And Philostratus, in his life of Apollonius of Tyana,
says, or makes his hero say, that while all wish to
live in the presence of God, “the Indians alone
succeed in doing so.” And certainly there
are parts of Plotinus, and still more of his successors,
which strongly suggest Asiatic influences.[152] When
we turn from Alexandria to Syria, we find Orientalism
more rampant. Speculation among the Syrian monks
of the third, fourth, and fifth centuries was perhaps
more unfettered and more audacious than in any other
branch of Christendom at any period. Our knowledge
of their theories is very limited, but one strange
specimen has survived in the book of Hierotheus,[153]
which the canonised Dionysius praises in glowing terms
as an inspired oracle—indeed, he professes
that his own object in writing was merely to popularise
the teaching of his master. The book purports
to be the work of Hierotheus, a holy man converted
by St. Paul, and an instructor of the real Dionysius
the Areopagite. A strong case has been made out
for believing the real author to be a Syrian mystic,
named Stephen bar Sudaili, who lived late in the fifth
century. If this theory is correct, the date
of Dionysius will have to be moved somewhat later
than it has been the custom to fix it. The book
of the holy Hierotheus on “the hidden mysteries
of the Divinity” has been but recently discovered,
and only a summary of it has as yet been made public.
But it is of great interest and importance for our
subject, because the author has no fear of being accused
of Pantheism or any other heresy, but develops his
particular form of Mysticism to its logical conclusions
with unexampled boldness. He will show us better
even than his pupil Dionysius whither the method of
“analysis” really leads us.
The system of Hierotheus is not exactly Pantheism,
but Pan-Nihilism. Everything is an emanation
from the Chaos of bare indetermination which he calls
God, and everything will return thither. There
are three periods of existence—(1) the
present world, which is evil, and is characterised
by motion; (2) the progressive union with Christ, who
is all and in all—this is the period of
rest; (3) the period of fusion of all things in the
Absolute. The three Persons of the Trinity, he
dares to say, will then be swallowed up, and even the
devils are thrown into the same melting-pot. Consistently
with mystical principles, these three world-periods
are also phases in the development of individual souls.
In the first stage the mind aspires towards its first
principles; in the second it becomes Christ, the universal
Mind; in the third its personality is wholly merged.

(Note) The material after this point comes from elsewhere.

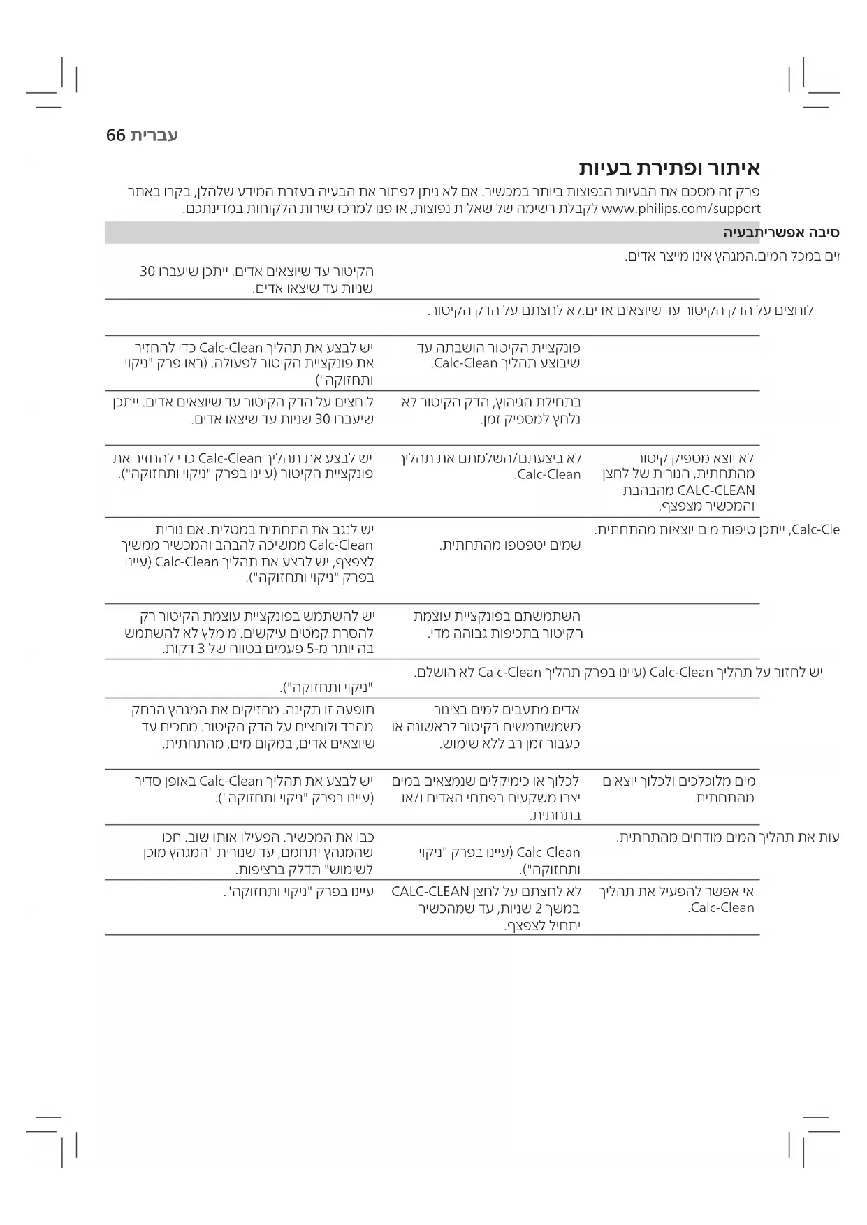 http://www.philips.com/descaling- :הז רושיקב םינוטרסב אוצמל רשפא Calc-Clean ךילהת עוציב לע ףסונ עדימ .iron

The greater part of the book is taken up with the
adventures of the Mind in climbing the ladder of perfection;
it is a kind of theosophical romance, much more elaborate
and fantastic than the “revelations” of
mediaeval mystics. The author professes to have
himself enjoyed the ecstatic union more than once,
and his method of preparing for it is that of the
Quietists: “To me it seems right to speak
without words, and understand without knowledge, that
which is above words and knowledge; this I apprehend
to be nothing but the mysterious silence and mystical
quiet which destroys consciousness and dissolves forms.
Seek, therefore, silently and mystically, that perfect
and primitive union with the Arch-Good.”